Exactly the lines from the one with "Natural Turquoise Gemstone" through the end of the data below must be set down, and no pictures with them.
*** Opening of GIVEN RECORDS ***
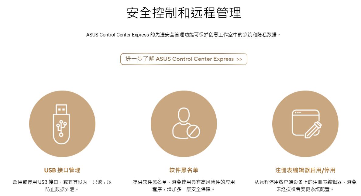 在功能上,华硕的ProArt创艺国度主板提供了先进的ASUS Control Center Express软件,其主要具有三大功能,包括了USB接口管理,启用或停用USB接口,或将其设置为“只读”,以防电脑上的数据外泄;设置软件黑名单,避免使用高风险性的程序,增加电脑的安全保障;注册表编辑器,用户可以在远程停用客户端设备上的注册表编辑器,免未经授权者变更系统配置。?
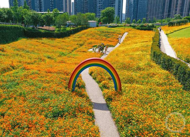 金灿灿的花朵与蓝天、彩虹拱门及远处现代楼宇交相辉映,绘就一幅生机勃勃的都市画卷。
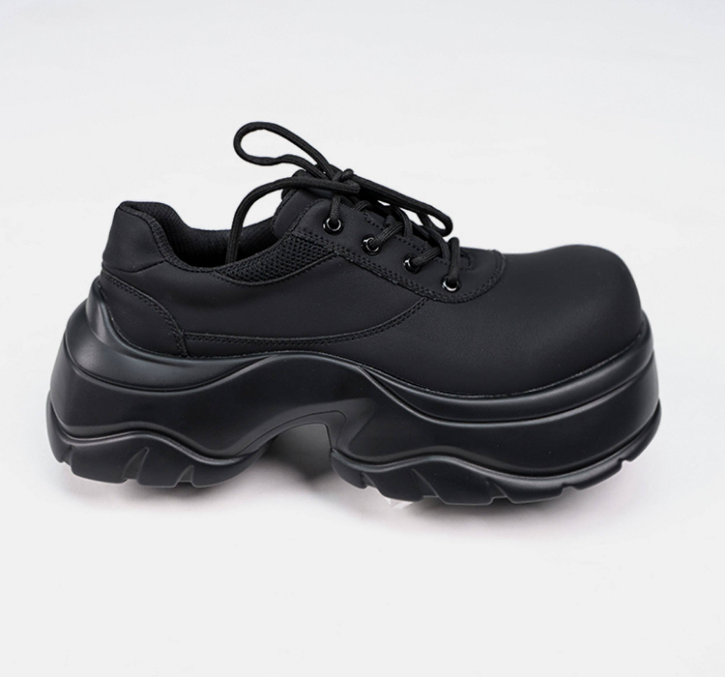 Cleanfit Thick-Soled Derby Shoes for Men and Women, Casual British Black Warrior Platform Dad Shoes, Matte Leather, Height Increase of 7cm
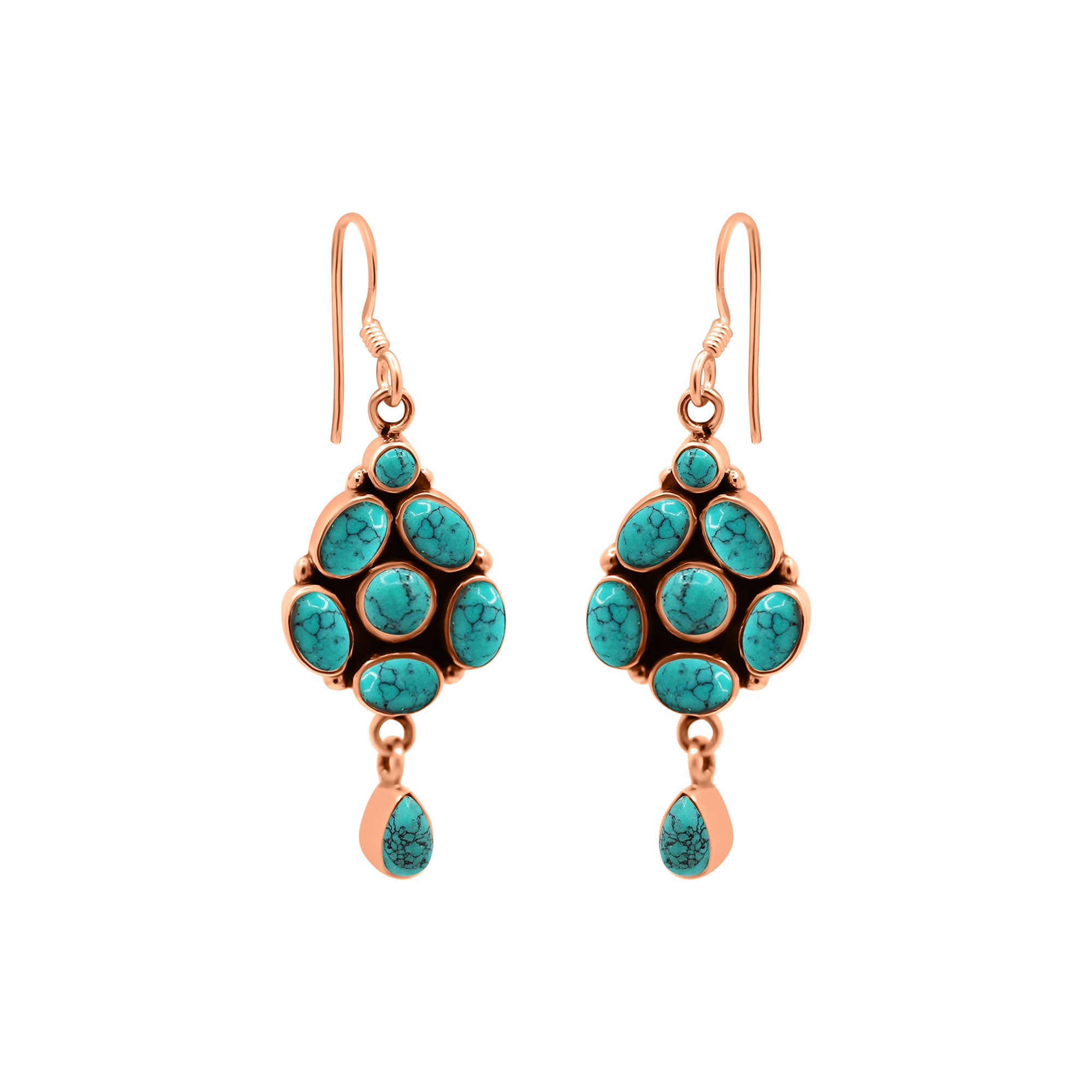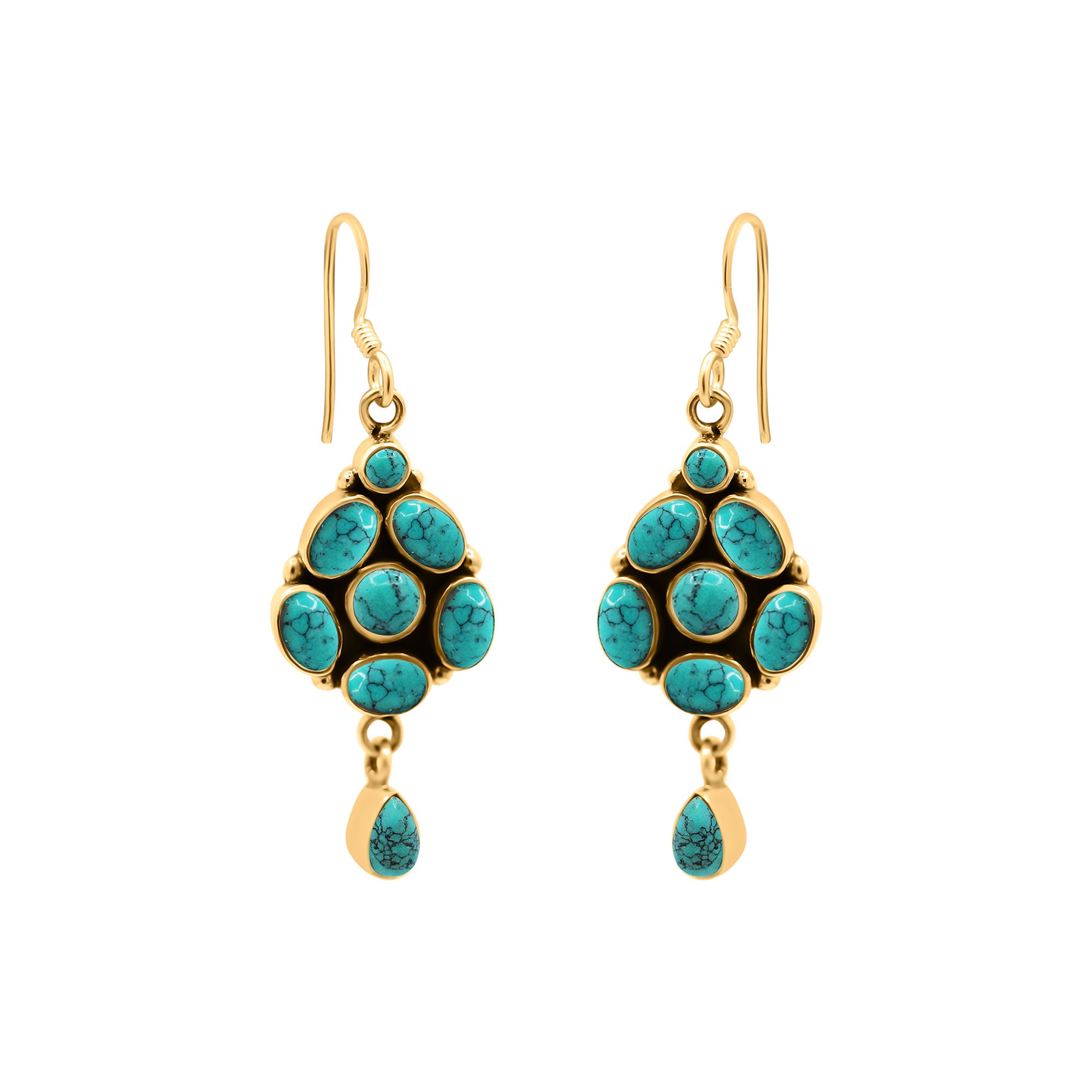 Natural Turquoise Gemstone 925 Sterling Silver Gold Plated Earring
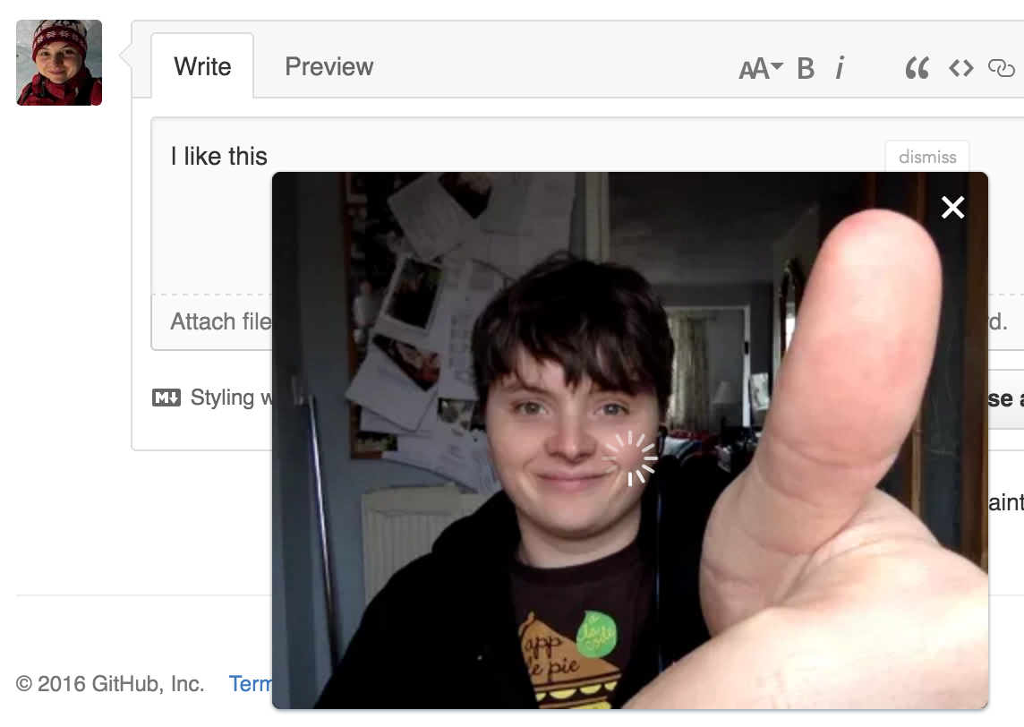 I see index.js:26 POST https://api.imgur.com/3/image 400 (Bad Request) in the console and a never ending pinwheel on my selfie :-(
*** Close of GIVEN RECORDS ***
FINAL ANSWER:
 Natural Turquoise Gemstone 925 Sterling Silver Gold Plated Earring
 I see index.js:26 POST https://api.imgur.com/3/image 400 (Bad Request) in the console and a never ending pinwheel on my selfie :-(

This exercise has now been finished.